CORPORATE GOVERNANCE

DIVERSITY AND INDEPENDENCE

Ferrovial’s corporate governance seeks to guarantee integrity, which is construed as diligent, transparent and responsible conduct with its shareholders, employees, clients and the various agents involved in the company’s activities. Integrity is key to ensuring profitable business and long-term sustainability in line with the company’s strategy while strengthening the trust that shareholders and the different stakeholders have in the company.

In compliance with commercial law, the Annual Corporate Governance Report (ACGR) forms part of this Management Report. It was drawn up by the Board of Directors and has been filed with the Spanish National Securities Market Commission (CNMV). The ACGR details all corporate governance aspects at Ferrovial and is available at www.ferrovial.com.

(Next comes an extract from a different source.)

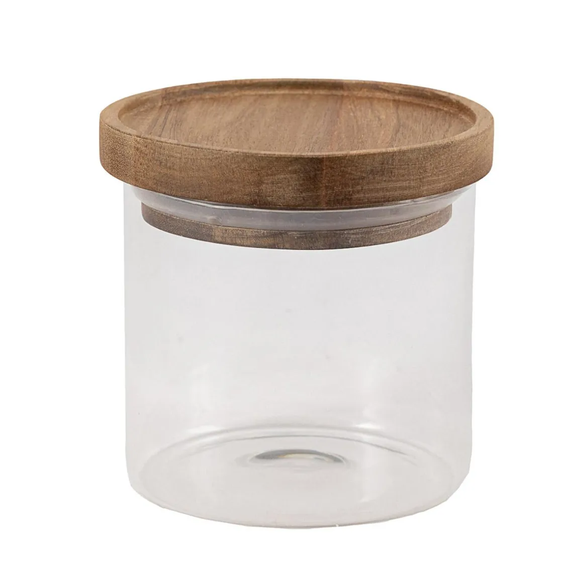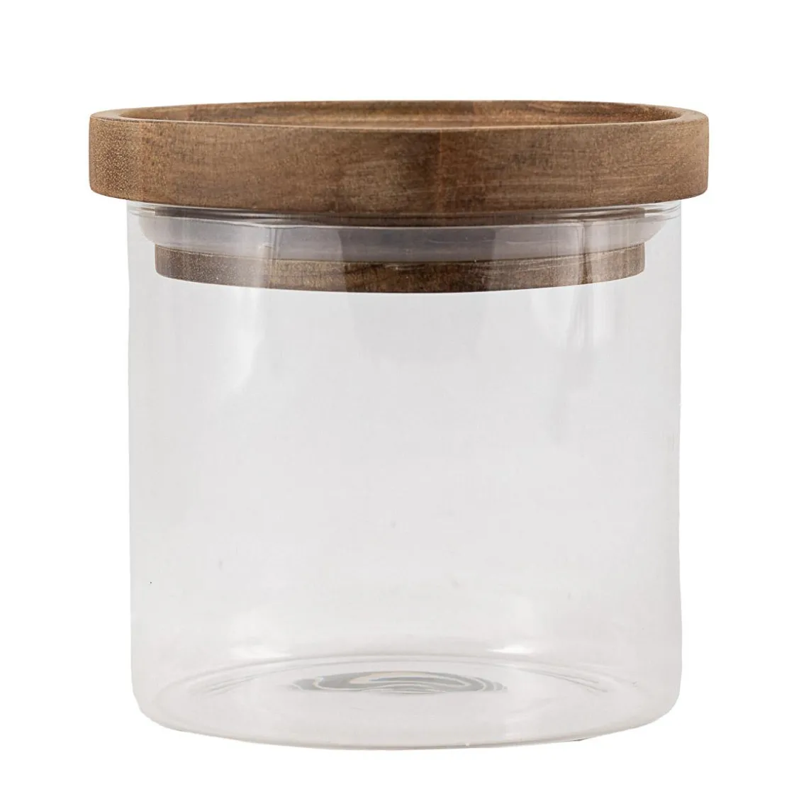 Praktisk og fin oppbevaringskrukke i glass og akasietre. Perfekt til oppbevaring av tørrvarer og lignende. Plasser sammen med for et komplett uttrykk.

As explained in the ACGR, Ferrovial is fully or partially compliant with a majority of the recommendations set out in the Good Governance Code of Listed Companies (57 out of the 59 recommendations that apply to it). The company regularly analyzes the best practices and regulations of good governance in the national and international scope to assess their application and incorporation to its internal regulations. In this regard, the Board of Directors and the Audit and Control Committee have been informed of the changes made in June 2020 to the Code of Good Governance, and of the main terms of the draft law amending Spanish legislation to incorporate the directive to promote long-term shareholder engagement.

In corporate governance, the Board agreed to the following:

  • Amend its Regulations to incorporate several of the amended good governance recommendations into the internal regulations.
  • A new policy for reporting corporate, financial and nonfinancial information, and for communicating with and contacting shareholders and institutional investor.
  • Amend the Board of Directors’ Selection Policy.
  • Amend the Internal Rules of Conduct in the Securities Markets, in order to reflect the latest changes made to the Spanish Securities Market Law and to adapt the treasury stock policy.

GOVERNMENT BODIES

The ACGR details how the group’s management bodies and the decision-making process work, with emphasis on the roles of the Annual General Meetings and Board of Directors as the company’s most senior management bodies.

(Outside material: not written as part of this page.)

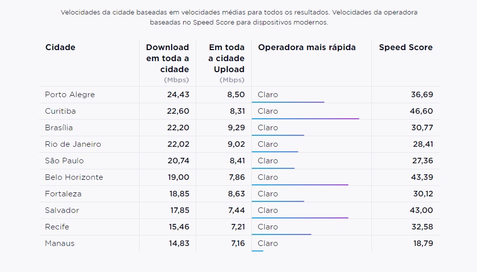 São Paulo, a cidade mais densamente povoada do Brasil, ocupa o quinto lugar, com uma média de 20,74 Mbps.

General Shareholders’ Meeting

In accordance with the Company Bylaws, this is the supreme decision-making body of the company and has the power to decide on all matters attributed to it by law or the Company’s Bylaws.

The General Shareholders’ Meeting was held on April 17, 2020 on second call. Due to the declaration of a state of emergency on March 14, 2020, caused by the health crisis resulting from the spread of COVID-19 in Spain, the Board of Directors agreed, in accordance with current legislation, to hold the Annual General Meeting exclusively online. It also agreed to extend the means available to shareholders to exercise their rights to participate remotely, as detailed in the published complementary announcement to the call of the Meeting.

Board of Directors

The Board performs its duties with unity of purpose and independent judgment. It treats all shareholders in the same position equally, and works in the social interest, with the same understood to mean securing a profitable business that is sustainable in the long term, supporting its continuity and seeking optimal economic value for the company.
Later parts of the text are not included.